Data to process →
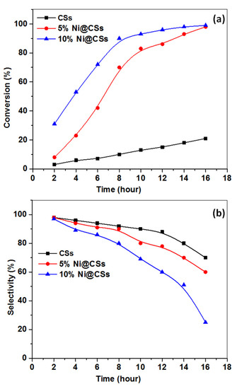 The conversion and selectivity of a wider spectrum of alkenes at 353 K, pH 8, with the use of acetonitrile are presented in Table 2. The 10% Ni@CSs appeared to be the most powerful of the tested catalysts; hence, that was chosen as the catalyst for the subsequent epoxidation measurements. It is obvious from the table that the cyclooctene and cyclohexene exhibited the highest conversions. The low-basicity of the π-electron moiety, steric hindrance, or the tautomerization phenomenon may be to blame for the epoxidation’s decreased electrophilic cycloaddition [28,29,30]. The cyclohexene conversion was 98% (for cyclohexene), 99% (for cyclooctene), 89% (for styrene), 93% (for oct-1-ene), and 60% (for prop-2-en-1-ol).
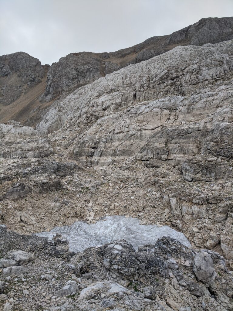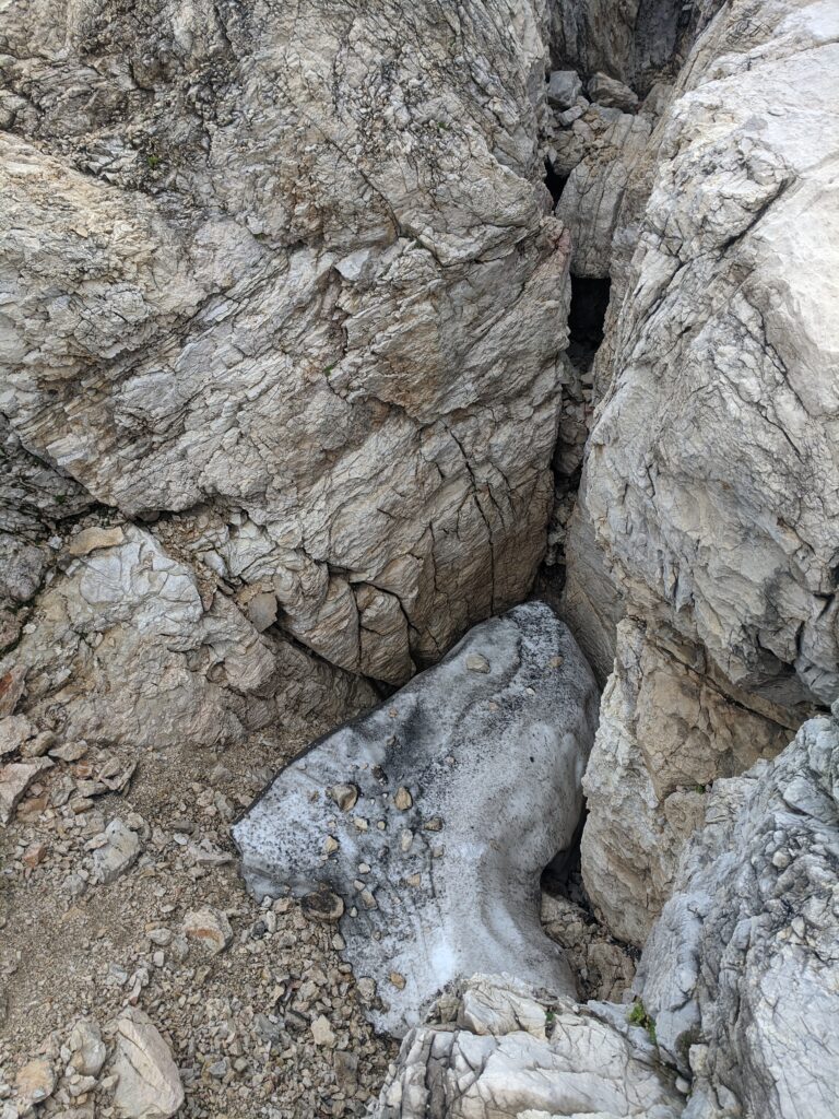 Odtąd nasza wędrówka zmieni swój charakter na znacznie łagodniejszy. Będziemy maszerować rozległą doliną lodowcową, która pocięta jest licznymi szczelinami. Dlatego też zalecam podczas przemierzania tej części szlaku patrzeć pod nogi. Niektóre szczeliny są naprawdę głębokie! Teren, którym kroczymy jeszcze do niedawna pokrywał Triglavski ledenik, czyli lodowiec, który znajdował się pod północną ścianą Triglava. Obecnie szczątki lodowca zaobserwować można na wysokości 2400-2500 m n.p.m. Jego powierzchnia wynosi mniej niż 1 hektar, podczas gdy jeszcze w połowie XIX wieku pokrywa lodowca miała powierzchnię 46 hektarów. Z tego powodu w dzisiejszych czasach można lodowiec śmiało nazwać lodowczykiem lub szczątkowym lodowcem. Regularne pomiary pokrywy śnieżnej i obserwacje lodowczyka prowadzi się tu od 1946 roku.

==

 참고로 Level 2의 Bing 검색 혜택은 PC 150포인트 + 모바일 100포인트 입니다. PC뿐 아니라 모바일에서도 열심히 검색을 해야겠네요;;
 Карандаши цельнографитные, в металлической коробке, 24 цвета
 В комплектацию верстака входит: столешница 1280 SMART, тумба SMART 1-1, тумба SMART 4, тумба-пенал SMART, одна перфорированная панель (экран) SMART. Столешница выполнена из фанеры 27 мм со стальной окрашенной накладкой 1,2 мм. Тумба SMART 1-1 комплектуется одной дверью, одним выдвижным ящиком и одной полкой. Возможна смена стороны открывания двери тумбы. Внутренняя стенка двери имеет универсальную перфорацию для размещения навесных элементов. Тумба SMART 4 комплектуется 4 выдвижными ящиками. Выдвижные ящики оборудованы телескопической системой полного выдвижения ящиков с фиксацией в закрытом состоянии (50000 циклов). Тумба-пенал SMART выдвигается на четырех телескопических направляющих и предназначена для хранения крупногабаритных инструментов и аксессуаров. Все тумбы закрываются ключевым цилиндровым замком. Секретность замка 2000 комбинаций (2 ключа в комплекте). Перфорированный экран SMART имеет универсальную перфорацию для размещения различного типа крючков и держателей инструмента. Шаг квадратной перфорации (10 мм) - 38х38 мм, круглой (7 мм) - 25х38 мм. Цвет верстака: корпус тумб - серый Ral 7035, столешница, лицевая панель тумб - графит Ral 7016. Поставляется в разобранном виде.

Task to complete → In the listing above, find the line with "The conversion and" and the line with "Odtąd nasza wędrówka". Copy both of them and every line between, exactly, but not the pictures.

Your response →
 The conversion and selectivity of a wider spectrum of alkenes at 353 K, pH 8, with the use of acetonitrile are presented in Table 2. The 10% Ni@CSs appeared to be the most powerful of the tested catalysts; hence, that was chosen as the catalyst for the subsequent epoxidation measurements. It is obvious from the table that the cyclooctene and cyclohexene exhibited the highest conversions. The low-basicity of the π-electron moiety, steric hindrance, or the tautomerization phenomenon may be to blame for the epoxidation’s decreased electrophilic cycloaddition [28,29,30]. The cyclohexene conversion was 98% (for cyclohexene), 99% (for cyclooctene), 89% (for styrene), 93% (for oct-1-ene), and 60% (for prop-2-en-1-ol).
 Odtąd nasza wędrówka zmieni swój charakter na znacznie łagodniejszy. Będziemy maszerować rozległą doliną lodowcową, która pocięta jest licznymi szczelinami. Dlatego też zalecam podczas przemierzania tej części szlaku patrzeć pod nogi. Niektóre szczeliny są naprawdę głębokie! Teren, którym kroczymy jeszcze do niedawna pokrywał Triglavski ledenik, czyli lodowiec, który znajdował się pod północną ścianą Triglava. Obecnie szczątki lodowca zaobserwować można na wysokości 2400-2500 m n.p.m. Jego powierzchnia wynosi mniej niż 1 hektar, podczas gdy jeszcze w połowie XIX wieku pokrywa lodowca miała powierzchnię 46 hektarów. Z tego powodu w dzisiejszych czasach można lodowiec śmiało nazwać lodowczykiem lub szczątkowym lodowcem. Regularne pomiary pokrywy śnieżnej i obserwacje lodowczyka prowadzi się tu od 1946 roku.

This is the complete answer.